Muito tempo suportara semelhante infortúnio, multiplicando apelos e lágrimas, quando foi conduzido por entidade caridosa a pequeno tribunal de socorro, que funcionava de tempos a tempos, nas regiões inferiores onde vivia compungido.
O benfeitor que desempenhava ali funções de juiz, reunida a assembleia de Espíritos penitentes, declarou não contar com muito tempo, em face das obrigações que o prendiam nos círculos mais altos e que viera até ali somente para liquidar os casos mais dolorosos e urgentes.
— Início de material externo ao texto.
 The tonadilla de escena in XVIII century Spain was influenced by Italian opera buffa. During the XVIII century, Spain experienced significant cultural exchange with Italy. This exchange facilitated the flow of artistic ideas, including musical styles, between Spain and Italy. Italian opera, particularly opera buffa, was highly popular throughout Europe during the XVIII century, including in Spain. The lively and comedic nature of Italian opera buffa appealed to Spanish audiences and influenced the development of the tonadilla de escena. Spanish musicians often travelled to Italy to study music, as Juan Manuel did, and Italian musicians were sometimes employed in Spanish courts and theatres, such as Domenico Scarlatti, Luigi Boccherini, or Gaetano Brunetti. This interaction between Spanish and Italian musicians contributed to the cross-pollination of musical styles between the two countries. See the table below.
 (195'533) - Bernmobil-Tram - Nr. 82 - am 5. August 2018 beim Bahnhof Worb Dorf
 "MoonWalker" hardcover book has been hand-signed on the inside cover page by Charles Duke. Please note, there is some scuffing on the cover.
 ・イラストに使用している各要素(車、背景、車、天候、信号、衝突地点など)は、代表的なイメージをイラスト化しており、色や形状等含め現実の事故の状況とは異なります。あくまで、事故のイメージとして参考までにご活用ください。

Devotados companheiros do bem selecionaram a meia dúzia de sofredores que poderiam ser ouvidos, dentre os quais, por último, figurou Sucupira, a exibir os braços petrificados.
Chorou, rogou, lamuriou-se. Quando pareceu disposto a fazer o relatório geral e circunstanciado da existência finda, o julgador obtemperou:
— Não, meu amigo, não trate de sua biografia. O tempo é curto. Vamos ao que interessa.
Examinou-o detidamente e observou, passados alguns instantes:
— Sua maravilhosa acuidade mental demonstra que estudou muitíssimo.
Fez pequeno intervalo e entrou a arguir:
— Joaquim, você era casado?
— Sim.
— Zelava a residência?
— Minha mulher cuidava de tudo.
— Foi pai?
— Sim.
— Cuidava dos filhos em pequeninos?
— Tínhamos suficiente número de criadas e amas.
— E quando jovens?
— Eram naturalmente entregues aos professores.
— Exerceu alguma profissão útil?
— Não tinha necessidade de trabalhar para ganhar o pão.
— Nunca sofreu dor de cabeça pelos amigos?
— Sempre fugi, receoso, das amizades. Não queria prejudicar, nem ser prejudicado.
O julgador interrompeu-se, refletiu longamente e prosseguiu:
— Você adotou alguma religião?
— Sim, eu era cristão — esclareceu Sucupira.
— Ajudava os católicos?
— Não. Detestava os sacerdotes.
— Cooperava com as Igrejas reformadas?
— De modo algum. São excessivamente intolerantes.
— Acompanhava os espiritistas?
— Não. Temia-lhes a presença.
— Amparou doentes, em nome do Cristo?
— A Terra tem numerosos enfermeiros.
— Auxiliou criancinhas abandonadas?
— Há creches por toda parte.
— Escreveu alguma página consoladora?
— Para quê? o mundo está cheio de livros e escritores.
— Utilizava o martelo ou o pincel?
— Absolutamente.
— Socorreu animais desprotegidos?
— Não.
— Agradava-lhe cultivar a terra?
— Nunca.
— Plantou árvores benfeitoras?
— Também não.
— Dedicou-se ao serviço de condução das águas, protegendo paisagens empobrecidas?
Sucupira fez um gesto de desdém e informou:
— Jamais pensei nisto.
O instrutor indagou-lhe sobre todas as atividades dignas conhecidas no Planeta. Ao fim do interrogatório, opinou sem delongas:
— Seu caso explica-se: você tem as mãos enferrujadas.
Ante a careta do interlocutor amargurado, esclareceu:
— É o talento não usado, meu amigo. Seu remédio é regressar à lição. Repita o curso terrestre.
Joaquim, confundido, desejava mais amplas elucidações.
O juiz, porém, sem tempo de ouvi-lo, entregou-o aos cuidados de outro companheiro.
Rogério, carioca, desencarnado, tipo 1945, recebeu-o de semblante amável e feliz e, após escutar-lhe compridas lamentações, convidou, pacientemente:
— Vamos, Sucupira. Você entrará na fila em breves dias.
— Fila? — interrogou o infeliz, boquiaberto.
— Sim — acrescentou o alegre ajudante —, na fila da reencarnação.